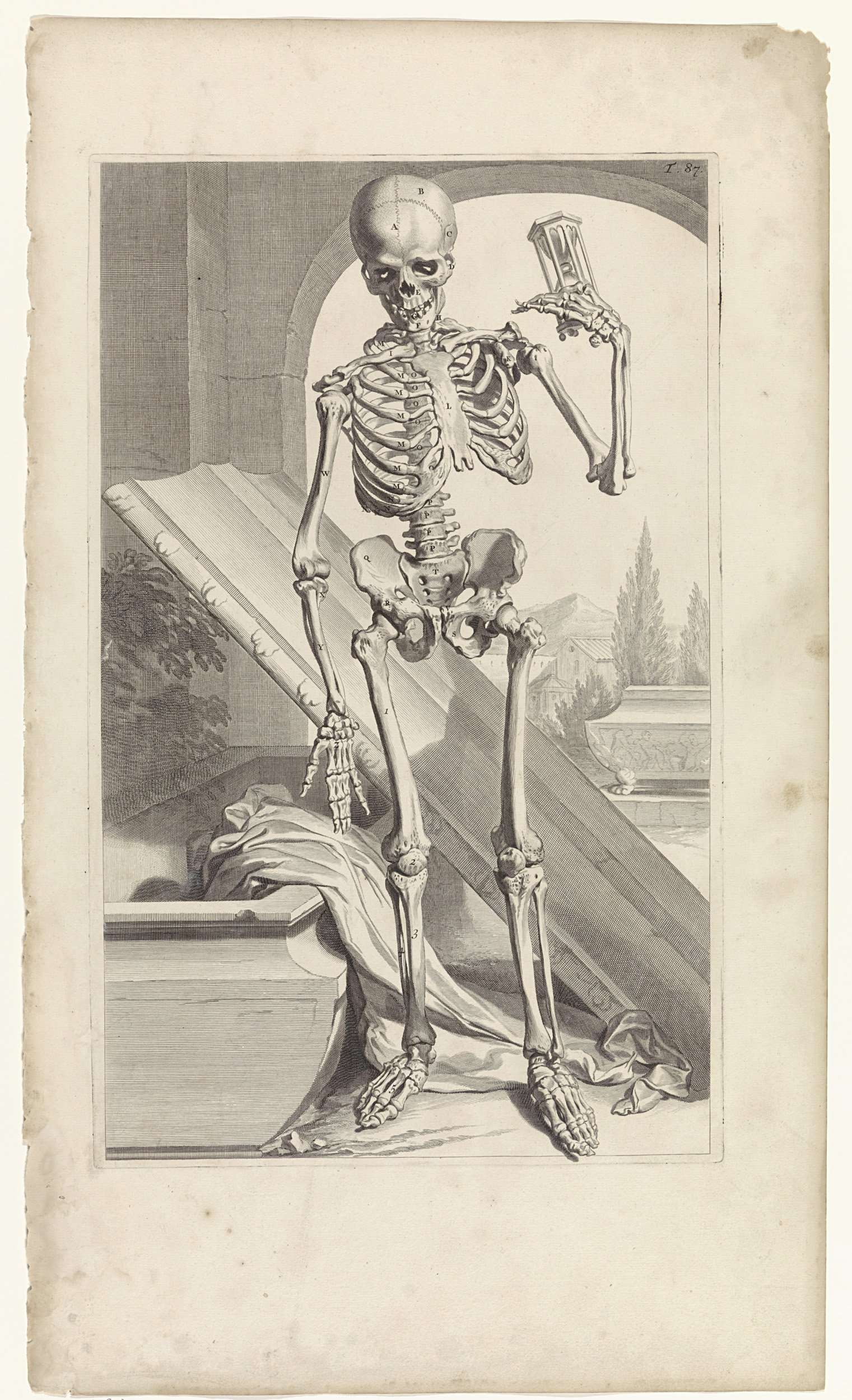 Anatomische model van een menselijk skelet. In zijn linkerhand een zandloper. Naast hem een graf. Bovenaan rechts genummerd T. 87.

* * *

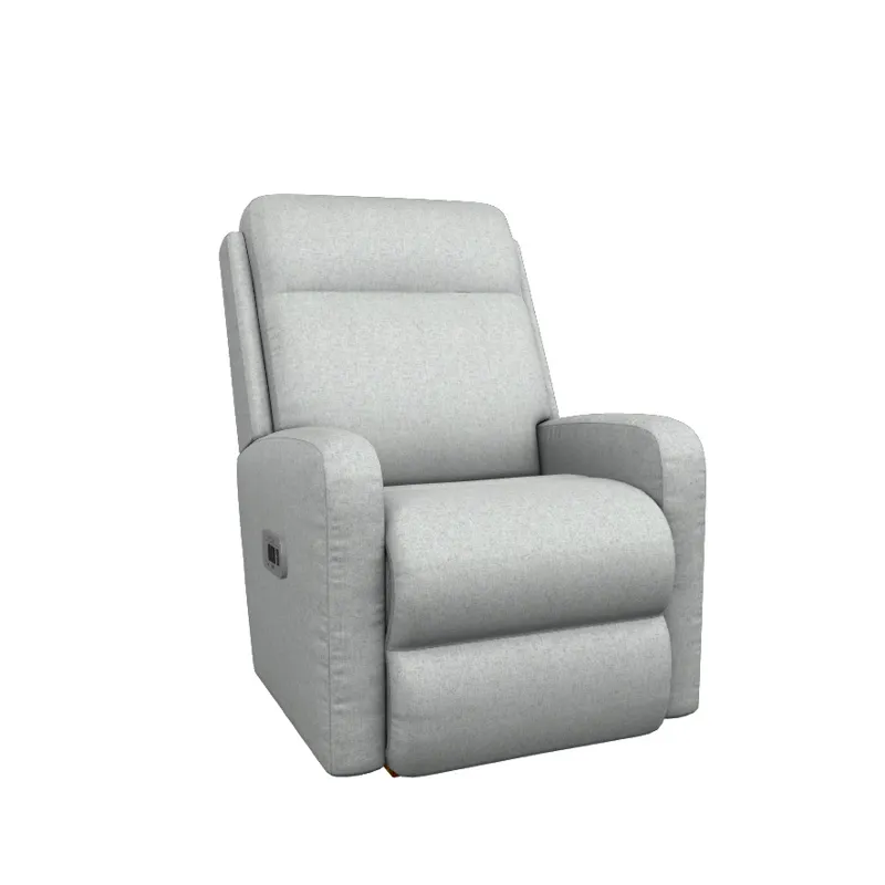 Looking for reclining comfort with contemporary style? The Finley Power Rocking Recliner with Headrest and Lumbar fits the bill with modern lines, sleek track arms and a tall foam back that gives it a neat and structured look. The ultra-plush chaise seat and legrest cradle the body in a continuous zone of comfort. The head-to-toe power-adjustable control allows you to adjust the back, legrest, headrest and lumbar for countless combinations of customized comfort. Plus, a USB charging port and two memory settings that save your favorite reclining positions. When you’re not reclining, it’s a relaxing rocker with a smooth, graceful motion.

==

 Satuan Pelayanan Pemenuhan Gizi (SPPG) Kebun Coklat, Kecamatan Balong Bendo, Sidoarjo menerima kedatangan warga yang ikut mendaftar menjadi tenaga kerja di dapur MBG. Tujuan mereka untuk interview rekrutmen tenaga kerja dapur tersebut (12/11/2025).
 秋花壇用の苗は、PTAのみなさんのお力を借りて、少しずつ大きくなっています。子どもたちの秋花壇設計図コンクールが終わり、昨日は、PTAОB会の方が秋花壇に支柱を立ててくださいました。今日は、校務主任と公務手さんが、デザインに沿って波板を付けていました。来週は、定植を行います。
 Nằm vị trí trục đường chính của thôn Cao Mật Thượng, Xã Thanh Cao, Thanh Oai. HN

- **INSTRUCTIONS TO FOLLOW**
For this exercise, please output exactly the lines above starting at the line with "Satuan Pelayanan Pemenuhan" and ending at the line with "Nằm vị trí trục", ends included.

- **REPLY**
 Satuan Pelayanan Pemenuhan Gizi (SPPG) Kebun Coklat, Kecamatan Balong Bendo, Sidoarjo menerima kedatangan warga yang ikut mendaftar menjadi tenaga kerja di dapur MBG. Tujuan mereka untuk interview rekrutmen tenaga kerja dapur tersebut (12/11/2025).
 秋花壇用の苗は、PTAのみなさんのお力を借りて、少しずつ大きくなっています。子どもたちの秋花壇設計図コンクールが終わり、昨日は、PTAОB会の方が秋花壇に支柱を立ててくださいました。今日は、校務主任と公務手さんが、デザインに沿って波板を付けていました。来週は、定植を行います。
 Nằm vị trí trục đường chính của thôn Cao Mật Thượng, Xã Thanh Cao, Thanh Oai. HN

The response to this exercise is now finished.